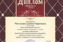 Поздравляем ученицу 10б класса Мингазову Салиму с победой в Всероссийском конкурсе декоративно-прикладного творчества "Зима в гостях у сказки" (куратор - учитель технологии Шайдуллина Гульшат Дульфатовна). Молодцы, так держать!
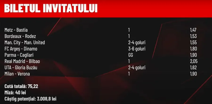 „Am primul meci Metz cu Bastia, am luat aici 1 solist, am mers pe mâna celor de la Metz. La fel, Bordeaux, amândouă sunt echipe care trebuie să câștige neapărat. Am luat pe Manchester City cu Manchester United 2-4 goluri, finala Cupei Angliei. Apoi, 3-6 goluri (n.r. la FC Argeș – Dinamo), am mers și aici pe goluri, FC Argeș e echipa care trebuie să joace, să marcheze cât mai multe goluri. M-am gândit și la Dinamo, pe contraatac poate să marcheze, tocmai de asta am mers pe goluri. Aș fi vrut să merg pe mâna celor de la FC Argeș, dar, după ce am văzut în meciul tur, mi-a fost frică să îi iau așa.
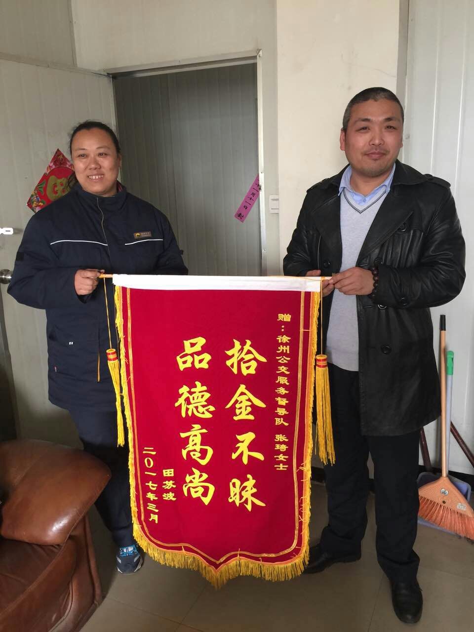 3月29日,正在站臺執勤的督導員張琦撿到乘客掉落的公文包,經(jīng)查看發(fā)現包內有蘋(píng)果筆記本一臺和一個(gè)錢(qián)包,但并沒(méi)有找到皮包主人的聯(lián)系方式。張琦把包放在了調度室等待失主來(lái)認領(lǐng),約一小時(shí)后失主匆忙趕來(lái)尋找。失主見(jiàn)到失而復得的皮包非常激動(dòng),經(jīng)過(guò)詢(xún)問(wèn)得知失主姓田在徐州礦業(yè)大學(xué)工作。田先生說(shuō),“電腦里存有非常重要的資料和聯(lián)系方式,丟包之后萬(wàn)分焦急,真心感謝公交督導員?!彪S即從錢(qián)包里拿出400元錢(qián)塞給張琦作為答謝,張琦表示:“路不拾遺本就是自己的義務(wù),作為站臺督導員經(jīng)常會(huì )在站臺撿到乘客掉落的物品,不管東西貴重與否我們都會(huì )幫失主妥善保管等待認領(lǐng)?!?/span>3月31日,田先生和他的愛(ài)人送來(lái)錦旗表示感謝!
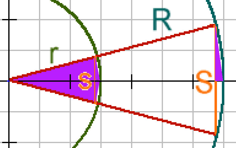 12-fache davon erhält man eine grobe Näherung des Kreisumfanges ![]() Mit einem Taschenrechner läßt sich das schnell ausrechnen. Erhöht man die Anzahl der aneinanderliegenden Kreisausschnitte, z.B. 1200 so erhält man ![]() Mit weiterer Erhöhung der Anzahl der aneinanderliegenden Kreisausschnitte werden die Ergebnisse immer genauer, d.h. die Anzahl der Stellen hinter dem Komma die sich nicht verändern wird immer größer. Damit kann man das Ergebnis beliebig genau berechnen. Betrachtet man jetzt beide Kreise so ergibt ein Strahlensatz s/r =S/R und damit auch U(r,1200)/r = U(R,1200)/R Denkt man sich die Anzahl beliebig groß so erhält man die Aussage, daß das Verhältnis von Umfang/Radius für jeden Kreis gleich groß ist. Historisch wurde der Durchmesser des Kreises benutzt um dieser Konstanten einen Namen zu geben Kreisumfang=Kreisdurchmesser x Und oben wurde Solche Überlegungen kann man auch durchführen um den Flächeninhalt des Kreises zu bestimmen. Dazu kann man die waagrechte Grundseite auf r vergrößern um das lila Dreieck über der schwarzen Linie zu erhalten. Und für dieses ist der Flächeninhalt dann Grundseite=r multipliziert mit der Höhe=s/2 multipliziert mit 1/2. |
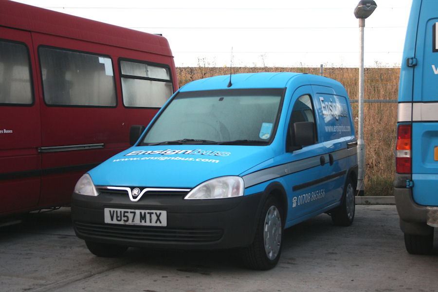 | Details: Newly acquired Vauxhall Combo van VU57MTX was photographed at the Ensignbus premises in Purfleet on 19th October 2011. To the left is a former East Thames Buses Mercedes-Benz Sprinter minibus. This is not thought to be one of the pair acquired in August 2010. P185OLC was soon repainted blue while P851OLL was sold without being used. | ||||
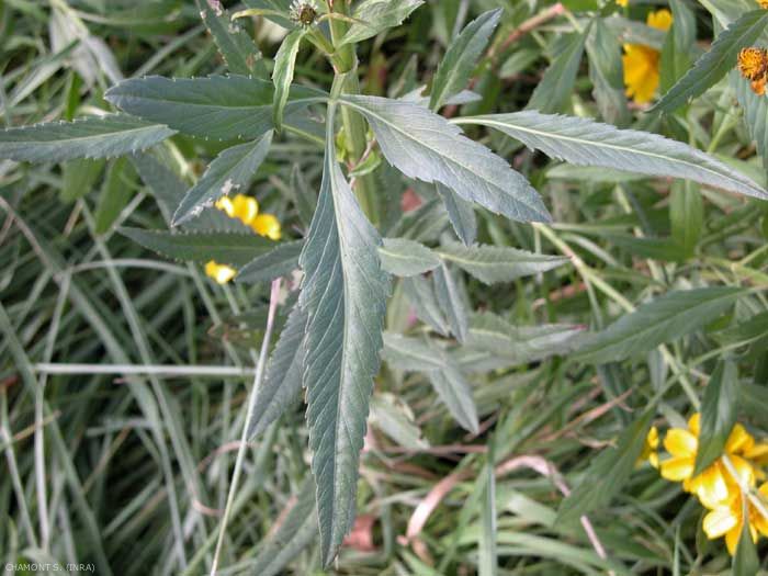 Feuilles opposées glabres linéaires, lancéolées ou profondément divisées en lobes linéaires, grossièrement et irrégulièrement dentées

-.-.-

Restate the data word for word and exclude every picture.

SOLUTION TO THE EXERCISE:
 Поздравляем ученицу 10б класса Мингазову Салиму с победой в Всероссийском конкурсе декоративно-прикладного творчества "Зима в гостях у сказки" (куратор - учитель технологии Шайдуллина Гульшат Дульфатовна). Молодцы, так держать!
 „Am primul meci Metz cu Bastia, am luat aici 1 solist, am mers pe mâna celor de la Metz. La fel, Bordeaux, amândouă sunt echipe care trebuie să câștige neapărat. Am luat pe Manchester City cu Manchester United 2-4 goluri, finala Cupei Angliei. Apoi, 3-6 goluri (n.r. la FC Argeș – Dinamo), am mers și aici pe goluri, FC Argeș e echipa care trebuie să joace, să marcheze cât mai multe goluri. M-am gândit și la Dinamo, pe contraatac poate să marcheze, tocmai de asta am mers pe goluri. Aș fi vrut să merg pe mâna celor de la FC Argeș, dar, după ce am văzut în meciul tur, mi-a fost frică să îi iau așa.
 3月29日,正在站臺執勤的督導員張琦撿到乘客掉落的公文包,經(jīng)查看發(fā)現包內有蘋(píng)果筆記本一臺和一個(gè)錢(qián)包,但并沒(méi)有找到皮包主人的聯(lián)系方式。張琦把包放在了調度室等待失主來(lái)認領(lǐng),約一小時(shí)后失主匆忙趕來(lái)尋找。失主見(jiàn)到失而復得的皮包非常激動(dòng),經(jīng)過(guò)詢(xún)問(wèn)得知失主姓田在徐州礦業(yè)大學(xué)工作。田先生說(shuō),“電腦里存有非常重要的資料和聯(lián)系方式,丟包之后萬(wàn)分焦急,真心感謝公交督導員?!彪S即從錢(qián)包里拿出400元錢(qián)塞給張琦作為答謝,張琦表示:“路不拾遺本就是自己的義務(wù),作為站臺督導員經(jīng)常會(huì )在站臺撿到乘客掉落的物品,不管東西貴重與否我們都會(huì )幫失主妥善保管等待認領(lǐng)?!?/span>3月31日,田先生和他的愛(ài)人送來(lái)錦旗表示感謝!
 12-fache davon erhält man eine grobe Näherung des Kreisumfanges ![]() Mit einem Taschenrechner läßt sich das schnell ausrechnen. Erhöht man die Anzahl der aneinanderliegenden Kreisausschnitte, z.B. 1200 so erhält man ![]() Mit weiterer Erhöhung der Anzahl der aneinanderliegenden Kreisausschnitte werden die Ergebnisse immer genauer, d.h. die Anzahl der Stellen hinter dem Komma die sich nicht verändern wird immer größer. Damit kann man das Ergebnis beliebig genau berechnen. Betrachtet man jetzt beide Kreise so ergibt ein Strahlensatz s/r =S/R und damit auch U(r,1200)/r = U(R,1200)/R Denkt man sich die Anzahl beliebig groß so erhält man die Aussage, daß das Verhältnis von Umfang/Radius für jeden Kreis gleich groß ist. Historisch wurde der Durchmesser des Kreises benutzt um dieser Konstanten einen Namen zu geben Kreisumfang=Kreisdurchmesser x Und oben wurde Solche Überlegungen kann man auch durchführen um den Flächeninhalt des Kreises zu bestimmen. Dazu kann man die waagrechte Grundseite auf r vergrößern um das lila Dreieck über der schwarzen Linie zu erhalten. Und für dieses ist der Flächeninhalt dann Grundseite=r multipliziert mit der Höhe=s/2 multipliziert mit 1/2. |
 | Details: Newly acquired Vauxhall Combo van VU57MTX was photographed at the Ensignbus premises in Purfleet on 19th October 2011. To the left is a former East Thames Buses Mercedes-Benz Sprinter minibus. This is not thought to be one of the pair acquired in August 2010. P185OLC was soon repainted blue while P851OLL was sold without being used. | ||||
 Feuilles opposées glabres linéaires, lancéolées ou profondément divisées en lobes linéaires, grossièrement et irrégulièrement dentées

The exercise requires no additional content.